_Task item:_ Restate all the data word for word and omit the pictures.

==== Study material ====

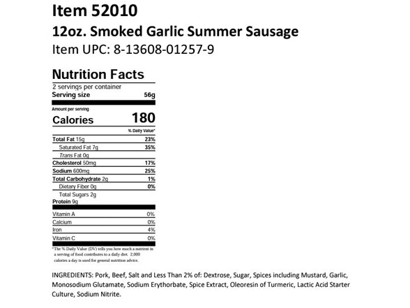 - 12 oz GARLIC Naturally Smoked Summer Sausage spiced to perfection with a rich, smoky hickory flavor distinction
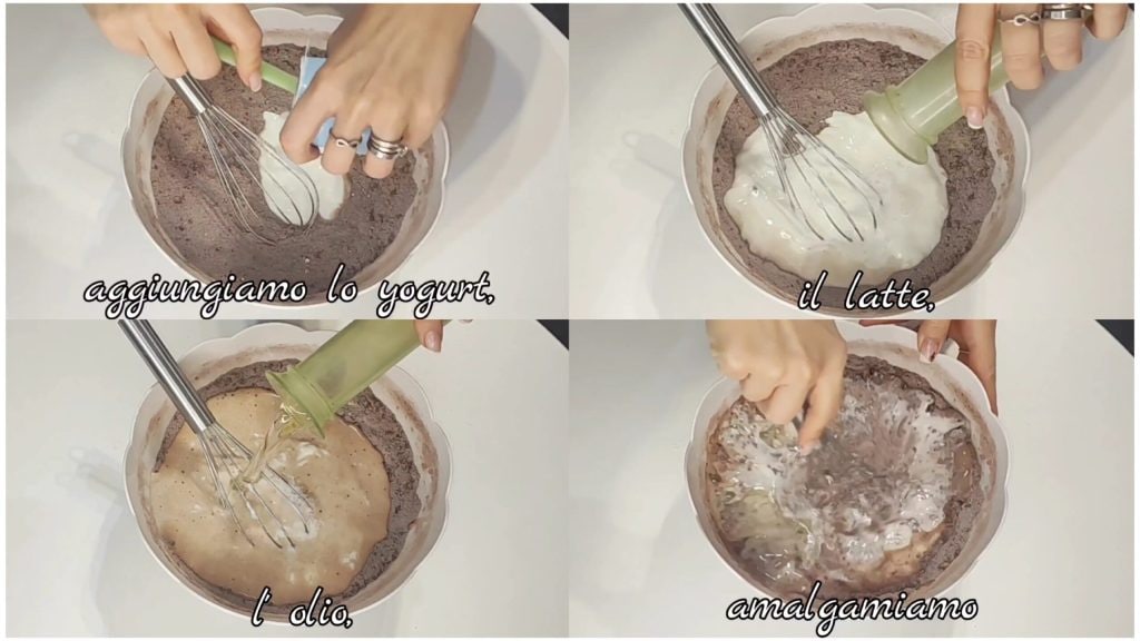 Adicionamos o iogurte, o leite, o óleo e misturamos.
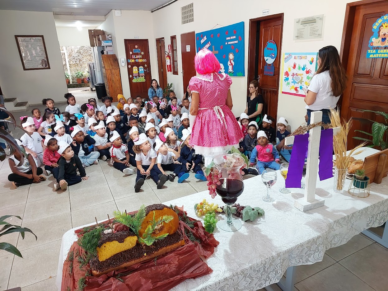 O ponto alto da celebração foi a presença cativante da Boneca Lili, personagem já querida entre os pequenos, que deu um show de simpatia ao contar, com uma linguagem acessível e lúdica, a história de Jesus Cristo e o valor simbólico dos elementos que compõem o período pascal. O encantamento se espalhou por toda a escola, que ganhou decoração especial, mesa ornamentada com carinho e a entrega de lembrancinhas confeccionadas com esmero pela equipe escolar. Tudo pensado para criar um ambiente de acolhimento e aprendizado.
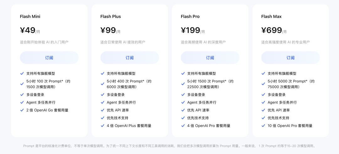 然后 3 月 22 号,他们又推出了面向 Agent 场景的订阅方案 StepPlan,首发支持 Step 3.5 Flash 模型,目前设置了四个档位:Flash Mini、Flash Plus、Flash Pro、Flash Max,起步价 49 元/月,开发者社区限时半价低到 25 元/月。
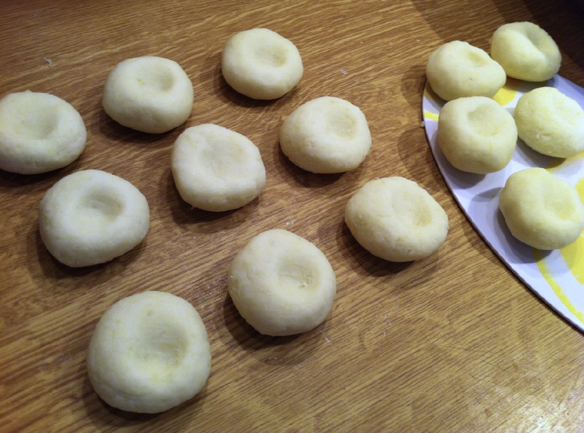 Formowanie: Formuj kulki, robiąc w każdej charakterystyczne wgłębienie palcem.
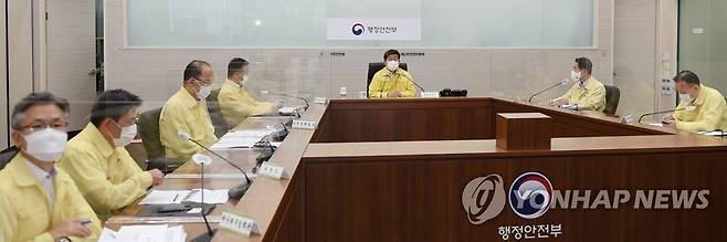 (서울=연합뉴스) 전해철 행정안전부 장관이 15일 정부세종2청사 중앙재난안전대책본부 상황실에서 제14호 태풍 '찬투' 북상에 대비해 20개 중앙부처 및 17개 시도 등 관계기관 담당자들과 긴급 영상회의를 주재하고 있다. 2021.9.15

====

_Solution to the exercise:_
 - 12 oz GARLIC Naturally Smoked Summer Sausage spiced to perfection with a rich, smoky hickory flavor distinction
 Adicionamos o iogurte, o leite, o óleo e misturamos.
 O ponto alto da celebração foi a presença cativante da Boneca Lili, personagem já querida entre os pequenos, que deu um show de simpatia ao contar, com uma linguagem acessível e lúdica, a história de Jesus Cristo e o valor simbólico dos elementos que compõem o período pascal. O encantamento se espalhou por toda a escola, que ganhou decoração especial, mesa ornamentada com carinho e a entrega de lembrancinhas confeccionadas com esmero pela equipe escolar. Tudo pensado para criar um ambiente de acolhimento e aprendizado.
 然后 3 月 22 号,他们又推出了面向 Agent 场景的订阅方案 StepPlan,首发支持 Step 3.5 Flash 模型,目前设置了四个档位:Flash Mini、Flash Plus、Flash Pro、Flash Max,起步价 49 元/月,开发者社区限时半价低到 25 元/月。
 Formowanie: Formuj kulki, robiąc w każdej charakterystyczne wgłębienie palcem.
 (서울=연합뉴스) 전해철 행정안전부 장관이 15일 정부세종2청사 중앙재난안전대책본부 상황실에서 제14호 태풍 '찬투' 북상에 대비해 20개 중앙부처 및 17개 시도 등 관계기관 담당자들과 긴급 영상회의를 주재하고 있다. 2021.9.15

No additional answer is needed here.